*** Opening of Information given ***

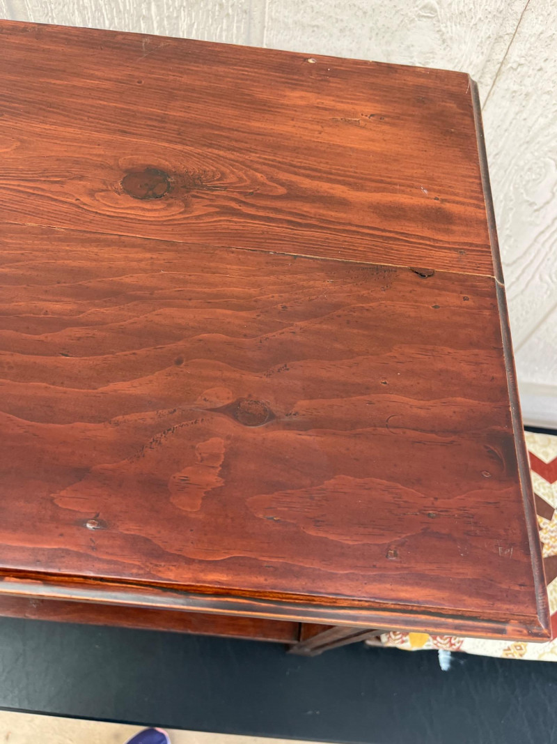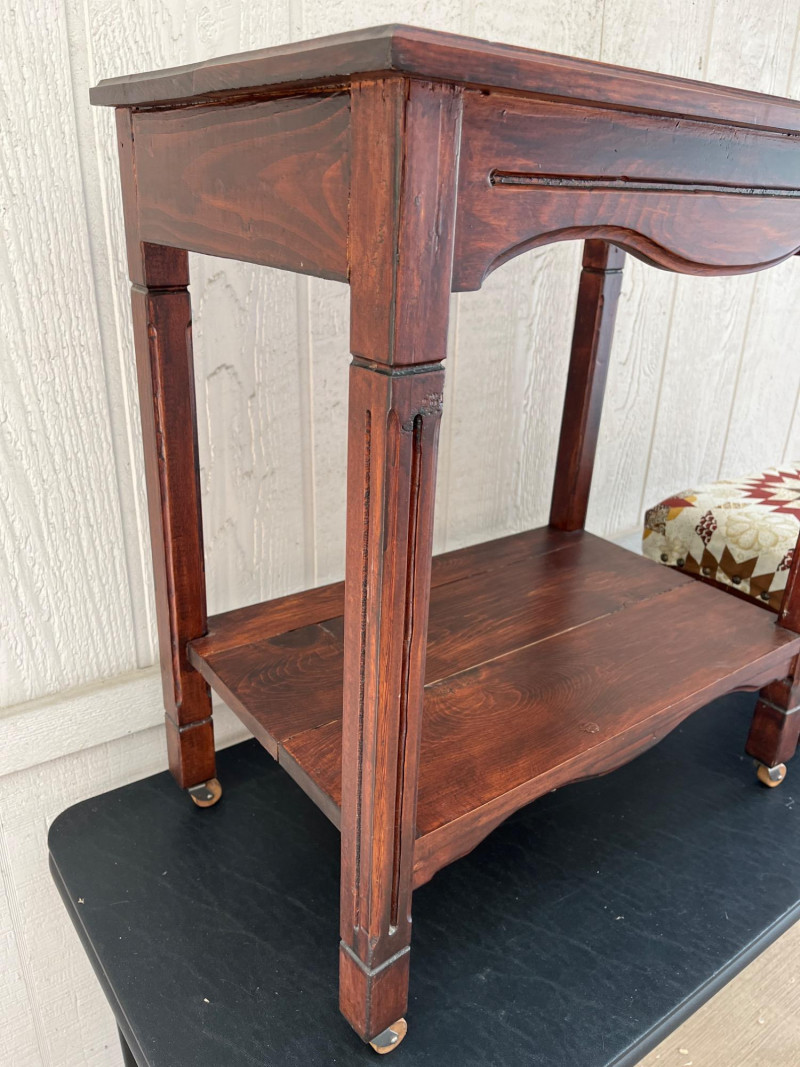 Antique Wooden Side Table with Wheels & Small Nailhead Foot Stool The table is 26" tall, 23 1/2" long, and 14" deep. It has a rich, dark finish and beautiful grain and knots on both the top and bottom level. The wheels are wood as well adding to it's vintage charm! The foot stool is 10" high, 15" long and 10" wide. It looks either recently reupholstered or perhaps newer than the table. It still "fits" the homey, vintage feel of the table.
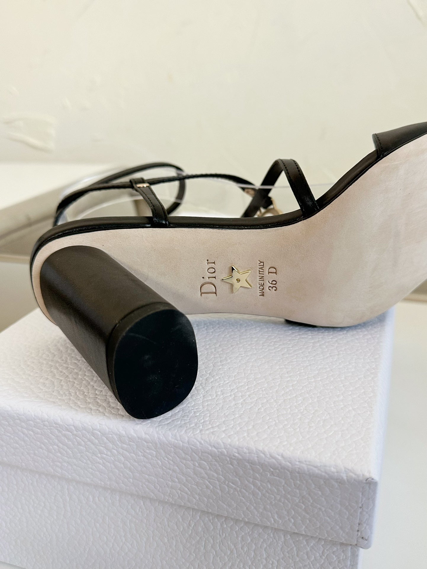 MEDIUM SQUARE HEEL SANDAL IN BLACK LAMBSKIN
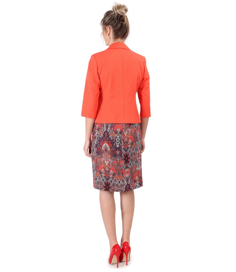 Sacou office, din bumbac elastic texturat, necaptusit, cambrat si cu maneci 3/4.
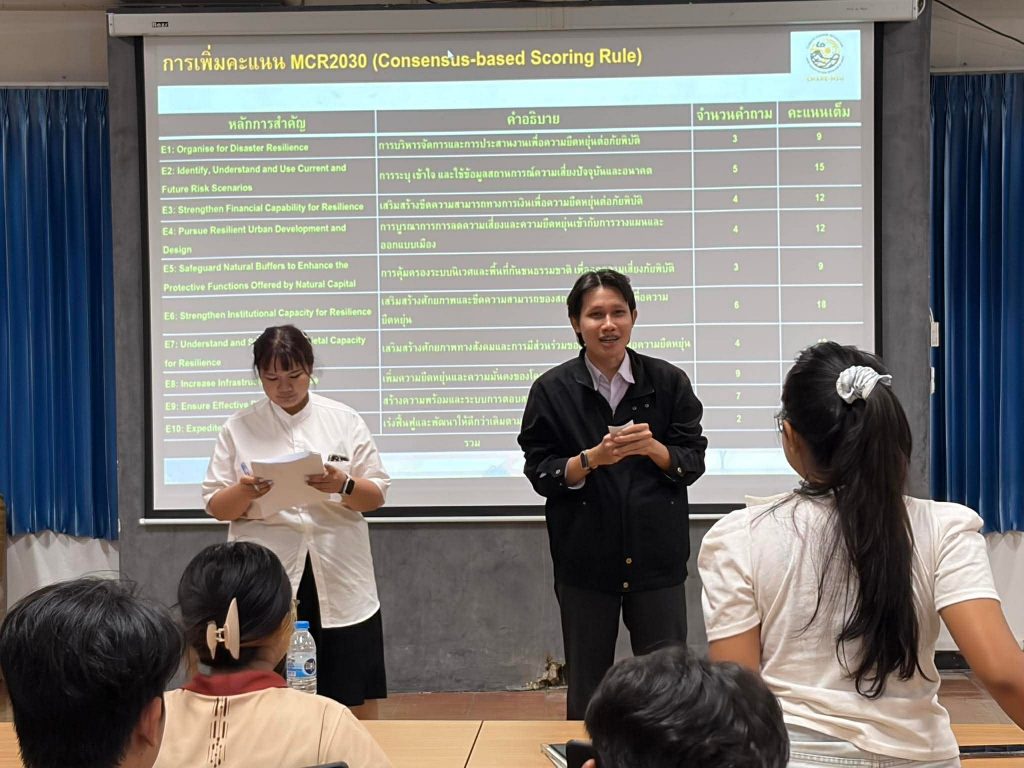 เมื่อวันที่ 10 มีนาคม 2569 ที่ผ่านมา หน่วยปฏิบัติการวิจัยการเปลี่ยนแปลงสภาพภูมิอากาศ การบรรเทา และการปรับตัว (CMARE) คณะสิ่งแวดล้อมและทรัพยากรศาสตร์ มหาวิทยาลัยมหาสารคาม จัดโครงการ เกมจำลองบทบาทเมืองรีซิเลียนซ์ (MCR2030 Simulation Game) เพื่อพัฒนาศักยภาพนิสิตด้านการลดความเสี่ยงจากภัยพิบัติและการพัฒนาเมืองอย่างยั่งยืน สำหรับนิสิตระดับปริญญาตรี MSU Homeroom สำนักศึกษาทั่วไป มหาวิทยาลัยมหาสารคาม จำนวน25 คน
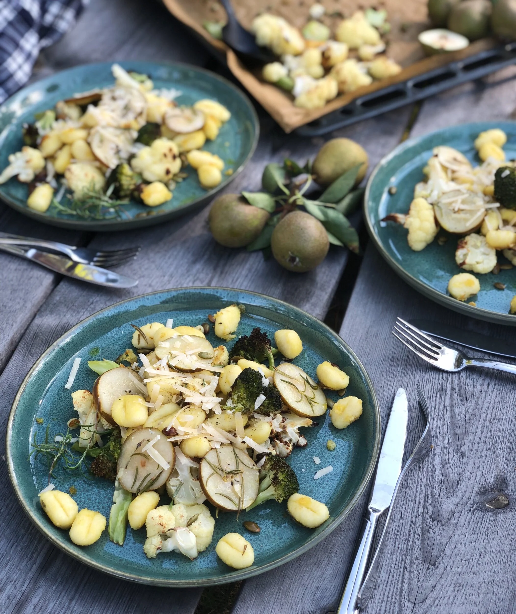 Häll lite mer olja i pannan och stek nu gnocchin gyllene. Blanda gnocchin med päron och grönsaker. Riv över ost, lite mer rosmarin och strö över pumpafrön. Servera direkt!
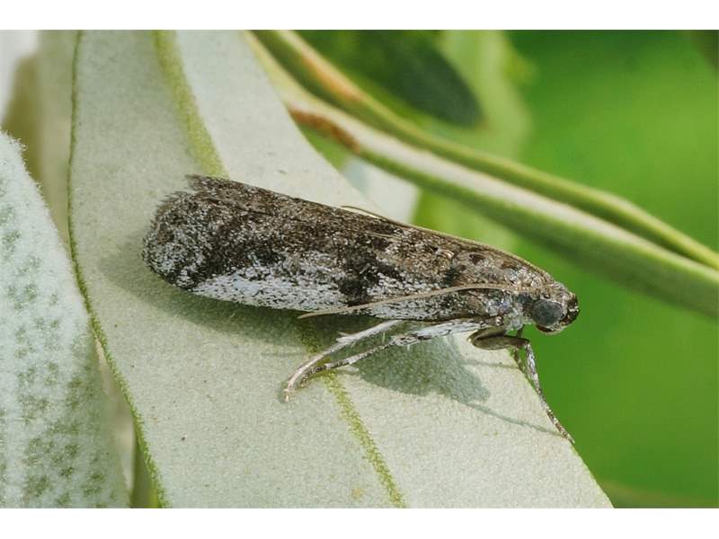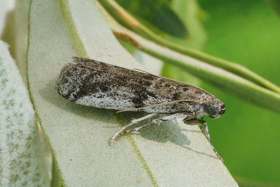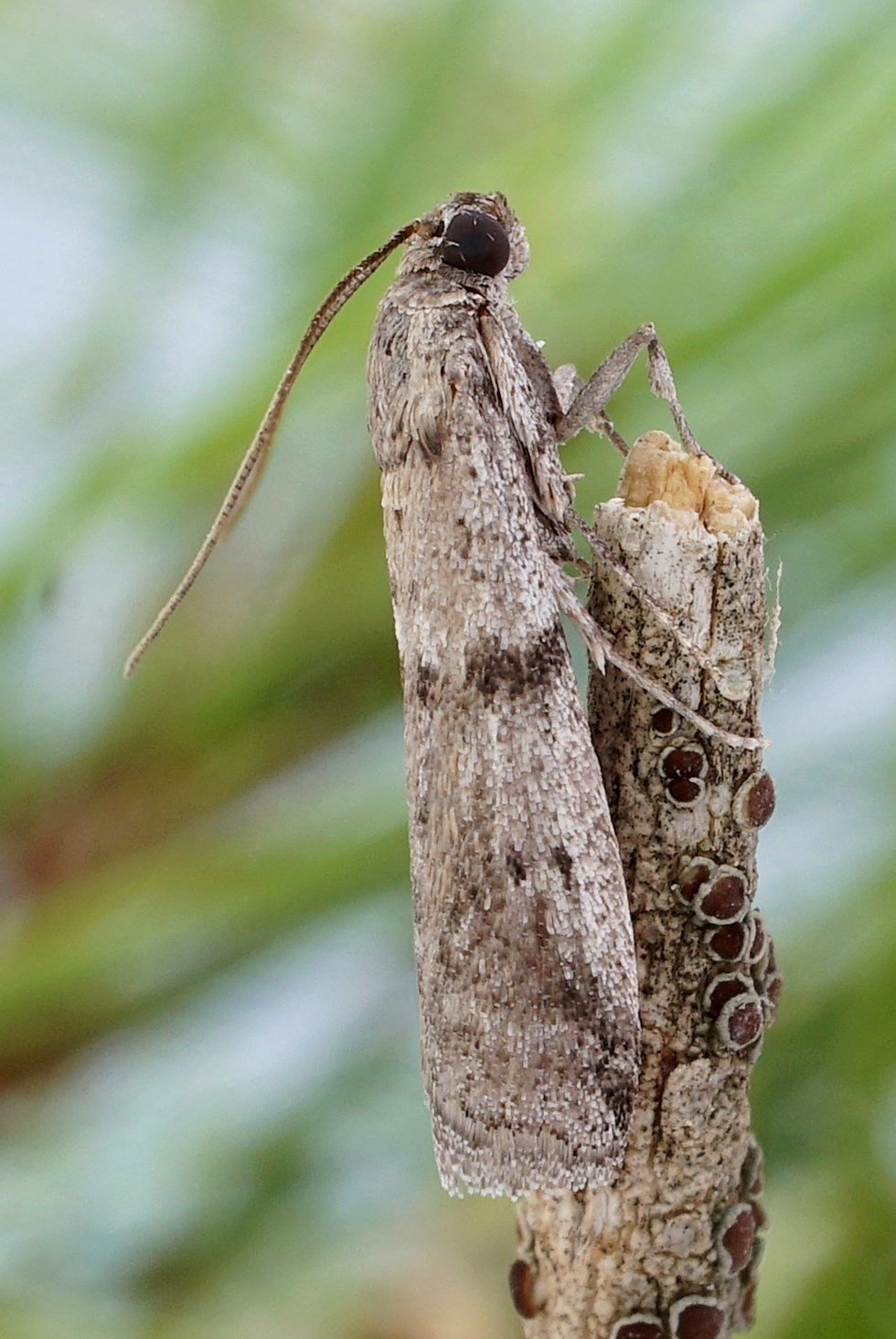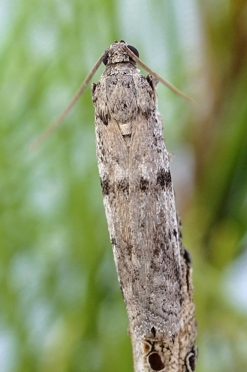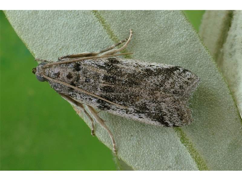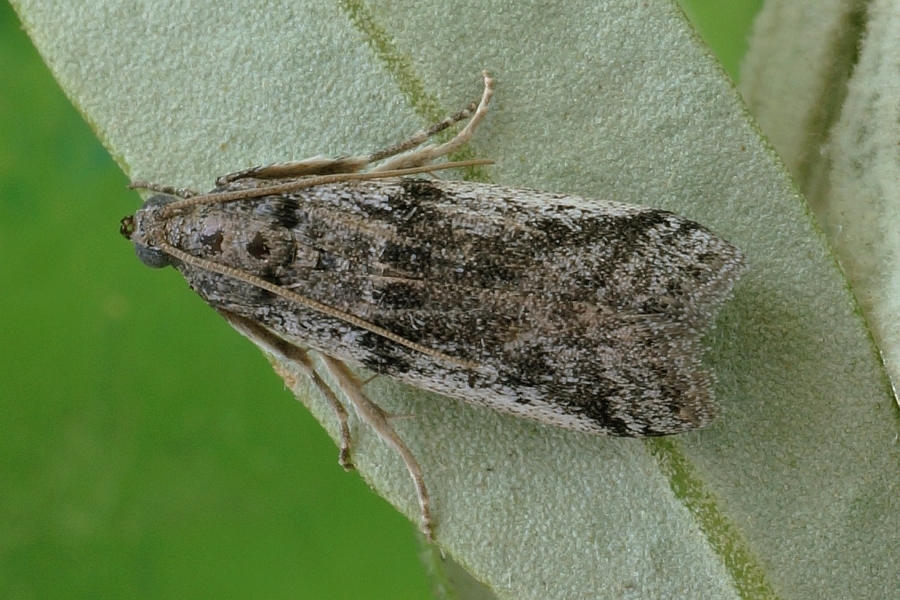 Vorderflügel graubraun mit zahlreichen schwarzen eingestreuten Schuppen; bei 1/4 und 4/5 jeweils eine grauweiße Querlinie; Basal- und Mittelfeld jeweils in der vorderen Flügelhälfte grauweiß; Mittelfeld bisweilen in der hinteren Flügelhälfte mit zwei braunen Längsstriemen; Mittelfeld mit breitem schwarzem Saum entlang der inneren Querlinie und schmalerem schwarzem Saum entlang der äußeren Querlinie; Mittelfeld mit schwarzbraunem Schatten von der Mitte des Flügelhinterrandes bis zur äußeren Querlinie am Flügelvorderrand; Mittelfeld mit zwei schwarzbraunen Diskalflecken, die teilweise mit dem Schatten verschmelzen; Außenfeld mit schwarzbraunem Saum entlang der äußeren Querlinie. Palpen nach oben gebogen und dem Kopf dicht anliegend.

*** Close of Information given ***

■ Work request
The reply is to be all the records above, transcribed exactly, with no pictures.

■ Task solution
 Antique Wooden Side Table with Wheels & Small Nailhead Foot Stool The table is 26" tall, 23 1/2" long, and 14" deep. It has a rich, dark finish and beautiful grain and knots on both the top and bottom level. The wheels are wood as well adding to it's vintage charm! The foot stool is 10" high, 15" long and 10" wide. It looks either recently reupholstered or perhaps newer than the table. It still "fits" the homey, vintage feel of the table.
 MEDIUM SQUARE HEEL SANDAL IN BLACK LAMBSKIN
 Sacou office, din bumbac elastic texturat, necaptusit, cambrat si cu maneci 3/4.
 เมื่อวันที่ 10 มีนาคม 2569 ที่ผ่านมา หน่วยปฏิบัติการวิจัยการเปลี่ยนแปลงสภาพภูมิอากาศ การบรรเทา และการปรับตัว (CMARE) คณะสิ่งแวดล้อมและทรัพยากรศาสตร์ มหาวิทยาลัยมหาสารคาม จัดโครงการ เกมจำลองบทบาทเมืองรีซิเลียนซ์ (MCR2030 Simulation Game) เพื่อพัฒนาศักยภาพนิสิตด้านการลดความเสี่ยงจากภัยพิบัติและการพัฒนาเมืองอย่างยั่งยืน สำหรับนิสิตระดับปริญญาตรี MSU Homeroom สำนักศึกษาทั่วไป มหาวิทยาลัยมหาสารคาม จำนวน25 คน
 Häll lite mer olja i pannan och stek nu gnocchin gyllene. Blanda gnocchin med päron och grönsaker. Riv över ost, lite mer rosmarin och strö över pumpafrön. Servera direkt!
 Vorderflügel graubraun mit zahlreichen schwarzen eingestreuten Schuppen; bei 1/4 und 4/5 jeweils eine grauweiße Querlinie; Basal- und Mittelfeld jeweils in der vorderen Flügelhälfte grauweiß; Mittelfeld bisweilen in der hinteren Flügelhälfte mit zwei braunen Längsstriemen; Mittelfeld mit breitem schwarzem Saum entlang der inneren Querlinie und schmalerem schwarzem Saum entlang der äußeren Querlinie; Mittelfeld mit schwarzbraunem Schatten von der Mitte des Flügelhinterrandes bis zur äußeren Querlinie am Flügelvorderrand; Mittelfeld mit zwei schwarzbraunen Diskalflecken, die teilweise mit dem Schatten verschmelzen; Außenfeld mit schwarzbraunem Saum entlang der äußeren Querlinie. Palpen nach oben gebogen und dem Kopf dicht anliegend.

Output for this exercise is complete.